Job Responsibilities:
- Execute creative software solutions, including design, development, and technical troubleshooting, with the ability to think beyond conventional approaches to build solutions or resolve technical problems.
- Develop secure, high-quality production code, and review and debug code written by others.
- Identify opportunities to eliminate or automate the remediation of recurring issues to enhance the overall operational stability of software applications and systems.
- Lead evaluation sessions with external vendors, startups, and internal teams to drive outcomes-oriented assessments of architectural designs, technical credentials, and their applicability within existing systems and information architecture.
- Lead communities of practice across Software Engineering to promote awareness and adoption of new and leading-edge technologies.
- Contribute to a team culture of diversity, equity, inclusion, and respect.
- Develop and deploy cloud infrastructure platforms that are secure, scalable, and optimized for AI and machine learning workloads.

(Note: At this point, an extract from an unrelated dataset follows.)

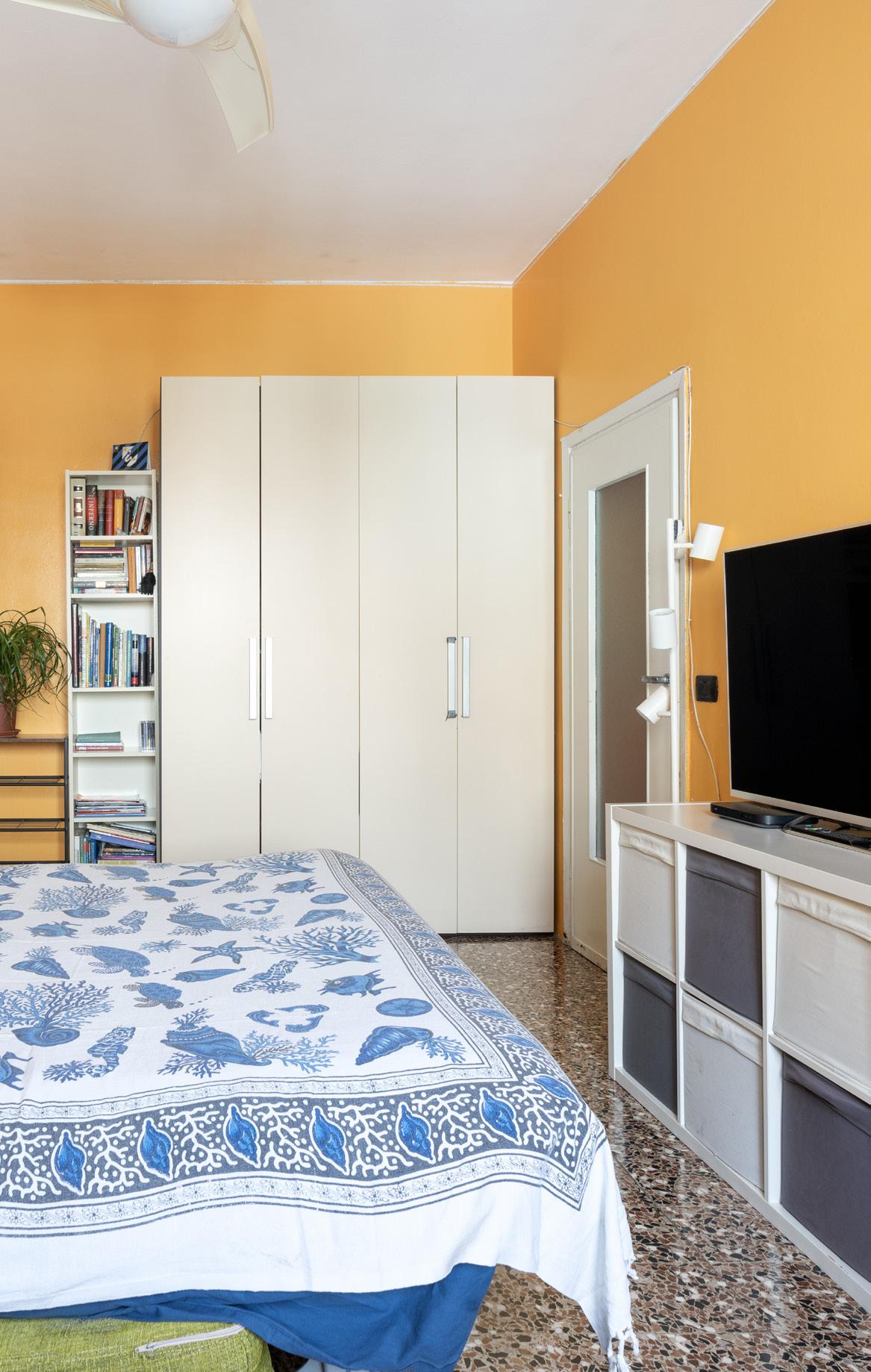 La camera da letto matrimoniale promette notti serene e rigeneranti. Le sue dimensioni generose e la sua disposizione funzionale offrono tutto lo spazio di cui avete bisogno per rilassarvi dopo una giornata nella vivace metropoli milanese. Un luogo di quiete e benessere, dove potrete lasciarvi avvolgere dal dolce abbraccio di morfeo.

- Collaborate with AI teams to understand computational needs and translate these into infrastructure requirements.
- Monitor, manage, and optimize cloud resources to maximize performance and minimize costs.
- Design and implement continuous integration and delivery pipelines for machine learning workloads.

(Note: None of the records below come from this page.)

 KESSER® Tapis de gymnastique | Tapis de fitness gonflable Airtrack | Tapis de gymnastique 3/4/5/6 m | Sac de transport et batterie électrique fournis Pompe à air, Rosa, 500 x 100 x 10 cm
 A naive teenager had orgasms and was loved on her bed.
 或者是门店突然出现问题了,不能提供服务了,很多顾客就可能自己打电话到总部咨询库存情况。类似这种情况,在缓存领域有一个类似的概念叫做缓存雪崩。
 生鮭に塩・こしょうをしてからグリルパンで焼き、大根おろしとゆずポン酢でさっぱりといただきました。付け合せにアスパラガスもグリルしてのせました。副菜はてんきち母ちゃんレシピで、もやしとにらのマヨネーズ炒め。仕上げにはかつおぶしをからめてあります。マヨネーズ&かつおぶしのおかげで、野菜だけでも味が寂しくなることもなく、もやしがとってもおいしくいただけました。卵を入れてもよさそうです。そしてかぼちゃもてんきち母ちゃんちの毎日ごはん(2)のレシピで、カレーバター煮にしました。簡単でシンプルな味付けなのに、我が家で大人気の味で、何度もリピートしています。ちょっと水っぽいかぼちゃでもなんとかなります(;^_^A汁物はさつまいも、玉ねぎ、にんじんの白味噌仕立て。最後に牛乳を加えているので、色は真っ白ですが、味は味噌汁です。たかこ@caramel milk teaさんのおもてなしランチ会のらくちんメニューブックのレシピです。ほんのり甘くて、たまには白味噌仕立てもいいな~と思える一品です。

- Develop automation scripts and infrastructure as code to streamline deployment and management tasks.
Required Qualifications, Capabilities, and Skills:
- Formal training or certification in software engineering concepts with 5+ years of applied experience.
- Hands-on practical experience in delivering system design, application development, testing, and ensuring operational stability.
- Advanced proficiency in one or more programming languages such as Python and/or Golang.
- Proficiency in automation and continuous delivery methods.
- Proficient in all aspects of the Software Development Life Cycle.
- Demonstrated proficiency in software applications and technical processes within a technical discipline (e.g., cloud, artificial intelligence, machine learning, mobile, etc.).
- Proficiency in Linux environments, including scripting and administration.
- Foundational understanding of machine learning concepts, including transformer architecture, ML training, and inference.
- Experience in solutions design and engineering, containerization (Docker, Kubernetes), and cloud service providers (AWS, Azure, GCP).
- Experience with Infrastructure as Code (Terraform, CloudFormation) and automation tools (Ansible, Chef, Puppet).
- Deep understanding of cloud component architecture: Microservices, Containers, IaaS, Storage, Security, and routing/switching technologies.
Preferred qualifications, capabilities, and skills
- Foundational understanding of NVIDIA GPU Infrastructure software (e.g., NVIDIA DCGM, BCM, Triton Inference).
- Hands-on experience with ML frameworks such as PyTorch, TensorBoard.
- Experience with observability tools like Prometheus, Grafana.
- Experience in ML Ops and associated tooling like MLflow.
- Experience with High Performance Computing and Machine Learning frameworks such as vLLM, Ray.io, Slurm.
- Strong background in network architecture, database programming (SQL/NoSQL), and data modeling.
- Familiarity with cloud data services and big data processing tools.